When you say do I enjoy having my work represented by others, I don’t really quite know what you mean.
What I mean is, you are not out there making the sales, you are not going to the craft shows, you are not trying to sell it online. You have someone else who is purely doing all the representation for you and making the sales.
Before I sold at my daughter’s cafe I did craft fairs and I really have admiration for potters who do, you know, regularly go to craft fairs because it is hard work. I mean, you have to get your stuff there, and pack it all up and it is breakable stuff so you have to take it carefully and you have to have the means to get it there and you have to be strong to pick up all the boxes, etc. etc. And then you have to stand there while people look at your stuff and I found that really embarrassing actually. I found it really uncomfortable taking money from people for things I have made. It is a strange contrast, yes, I want my things to be sold in person, but I don’t want to be the one who is there taking their money. I am not a sales person, at all. So yes, it is wonderful to not have to do that anymore.
At what point did you decide that you were no longer going to sell your work at all and that your daughter was going to do it all?
Well, basically it was selling out at the cafe so quickly that I wasn’t able to…I didn’t have time to make enough for nay of the markets really because I would get a message saying the cafe was sold out of mugs, could you make some more. This would happen all the time. So I suppose that was the driver, I didn’t need to because I wouldn’t have been able to make enough to do those as well. Yeah, it really suits me because I love making, I love designing, I love creating, and it is so exciting when you open your kiln to a finished piece when you have tried a new style or tried a new glaze, and it’s worked! That is such an exciting thing to have that thrill maybe once a week. That’s what I am about. So I am so pleased that I don’t have to and I am so grateful to my daughter and her partner for taking that burden off me.
If this were not your daughter, do you think this could work outside of your family relationship? Could you do this with someone else?
I have actually done it, there is a very lovely independent shop in Oxford whom I sadly had to turn down in the last few years, who when I was starting out, did that same thing. She would sell my work for me and similarly was really great. It is different with the Albatross because we developed it together and I have developed more things that would complement that range and it just feels a wonderful opportunity to have an outlet where they have integrity and fit in with the environment. It just feels right.
Does having it in a cafe rather than a gallery work better for selling out because people are actually experiencing the work while they eat and while they drink?
I think so. I mean, who knows, I think that’s the case. There is an area in the cafe that has my pottery and then they bring it to the counter to pay for it. Nobody is standing there telling them anything about it or selling it to them. It sells itself. but what happens when the shelves are sold out the girls who work in the cafe will frequently be asked,Do you sell these cups? Can I buy one of these? So yes, I design my cups so that people can have this real physical experience, and feel what they like and see them function and enjoy them.

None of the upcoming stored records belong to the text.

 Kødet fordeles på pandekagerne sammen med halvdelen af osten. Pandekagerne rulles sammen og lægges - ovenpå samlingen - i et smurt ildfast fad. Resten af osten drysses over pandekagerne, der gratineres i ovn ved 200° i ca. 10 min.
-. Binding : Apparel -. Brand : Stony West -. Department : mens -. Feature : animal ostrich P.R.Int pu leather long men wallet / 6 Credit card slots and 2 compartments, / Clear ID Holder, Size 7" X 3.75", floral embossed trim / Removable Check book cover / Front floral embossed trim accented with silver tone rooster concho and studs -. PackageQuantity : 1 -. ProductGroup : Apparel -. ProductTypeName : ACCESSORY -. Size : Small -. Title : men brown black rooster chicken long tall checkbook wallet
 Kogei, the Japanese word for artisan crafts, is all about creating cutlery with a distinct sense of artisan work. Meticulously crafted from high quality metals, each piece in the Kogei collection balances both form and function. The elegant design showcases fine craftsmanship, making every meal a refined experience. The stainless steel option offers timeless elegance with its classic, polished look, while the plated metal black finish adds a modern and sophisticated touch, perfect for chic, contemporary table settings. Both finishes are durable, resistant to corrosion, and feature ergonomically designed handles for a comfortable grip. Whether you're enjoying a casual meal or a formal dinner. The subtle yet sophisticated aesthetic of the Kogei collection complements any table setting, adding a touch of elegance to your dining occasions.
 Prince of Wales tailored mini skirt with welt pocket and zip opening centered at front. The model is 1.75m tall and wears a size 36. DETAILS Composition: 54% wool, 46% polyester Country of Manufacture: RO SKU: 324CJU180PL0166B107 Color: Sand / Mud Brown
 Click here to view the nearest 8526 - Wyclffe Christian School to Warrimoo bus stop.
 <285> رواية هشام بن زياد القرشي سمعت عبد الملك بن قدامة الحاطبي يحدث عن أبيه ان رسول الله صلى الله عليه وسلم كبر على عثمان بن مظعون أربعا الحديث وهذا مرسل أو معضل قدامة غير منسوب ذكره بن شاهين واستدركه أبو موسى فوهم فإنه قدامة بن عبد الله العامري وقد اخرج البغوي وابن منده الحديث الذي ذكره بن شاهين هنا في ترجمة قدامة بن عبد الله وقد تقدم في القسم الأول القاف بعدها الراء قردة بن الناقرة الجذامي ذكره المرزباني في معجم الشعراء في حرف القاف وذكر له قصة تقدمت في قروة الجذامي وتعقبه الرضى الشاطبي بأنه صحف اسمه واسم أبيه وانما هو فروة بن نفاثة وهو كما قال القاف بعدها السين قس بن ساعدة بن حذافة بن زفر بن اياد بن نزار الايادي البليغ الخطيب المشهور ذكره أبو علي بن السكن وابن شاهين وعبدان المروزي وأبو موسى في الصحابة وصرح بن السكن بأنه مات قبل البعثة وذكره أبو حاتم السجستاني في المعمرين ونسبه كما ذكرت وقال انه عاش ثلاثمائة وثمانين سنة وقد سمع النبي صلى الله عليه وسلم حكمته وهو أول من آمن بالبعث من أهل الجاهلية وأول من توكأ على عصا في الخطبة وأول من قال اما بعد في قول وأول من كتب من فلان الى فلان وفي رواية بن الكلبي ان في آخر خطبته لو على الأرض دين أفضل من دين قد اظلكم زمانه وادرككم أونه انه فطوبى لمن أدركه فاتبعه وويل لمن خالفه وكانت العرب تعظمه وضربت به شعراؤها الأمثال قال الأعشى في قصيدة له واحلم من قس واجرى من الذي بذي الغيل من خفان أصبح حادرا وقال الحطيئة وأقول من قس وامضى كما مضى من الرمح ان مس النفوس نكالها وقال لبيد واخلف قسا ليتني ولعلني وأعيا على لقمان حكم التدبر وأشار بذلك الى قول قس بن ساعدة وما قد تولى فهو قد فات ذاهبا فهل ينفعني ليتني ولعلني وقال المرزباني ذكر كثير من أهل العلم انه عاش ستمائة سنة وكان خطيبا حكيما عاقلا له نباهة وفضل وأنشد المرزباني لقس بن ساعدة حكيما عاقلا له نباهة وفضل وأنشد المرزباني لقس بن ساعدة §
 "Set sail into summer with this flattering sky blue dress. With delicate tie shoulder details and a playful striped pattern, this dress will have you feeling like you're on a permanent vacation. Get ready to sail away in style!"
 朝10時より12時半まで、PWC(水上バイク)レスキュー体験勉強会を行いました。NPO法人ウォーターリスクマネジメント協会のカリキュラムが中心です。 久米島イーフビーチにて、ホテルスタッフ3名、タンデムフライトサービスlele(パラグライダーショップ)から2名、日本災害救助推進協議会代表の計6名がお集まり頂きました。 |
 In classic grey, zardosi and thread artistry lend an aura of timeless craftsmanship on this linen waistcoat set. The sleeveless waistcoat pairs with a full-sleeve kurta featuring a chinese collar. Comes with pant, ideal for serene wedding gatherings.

Does the shop ever sell the pieces that they are serving with?
They don’t sell the actual pieces, they sell the same things as I make several of them. They only sell things that have not been used before. They don’t sell it if it has been used. The other thing is which is really important my daughter and her partner are very specific about the volume of coffee that goes in their flat whites and their lattes so I have to make a flat white cup exactly 6 ounces and I have to make a latte cup precisely whatever. So because I am a potter who is not interested in measuring precisely I like to make without those things, by eye, basically. So the ones that are not precise are the ones that are sold because they don’t use them, they sell them. The the ones that they have in the cafe are precise so they wouldn’t dream of selling those.
How do they deal with staff breaking or customers breaking the work?
Well, it doesn’t happen too much. My stuff is very dishwasher safe. so it goes through the dishwasher, but it does happen. The most annoying thing is when they break the lid of a teapot. That is sort of really annoying because it is really hard to make because my teapots are all individually made and not made to measure. I cannot easily re-make a lid for something. You know what is like with the shrinkage factor. So that’s annoying but it doesn’t happen too often. The thing that I have to remake most frequently are the tiny little milk jugs. I do wonder if people think, Oh, I could fit this in my pocket. I am being very cynical there. (laughter) But they run out of milk jugs more than anything.
What is your favorite tool in the studio?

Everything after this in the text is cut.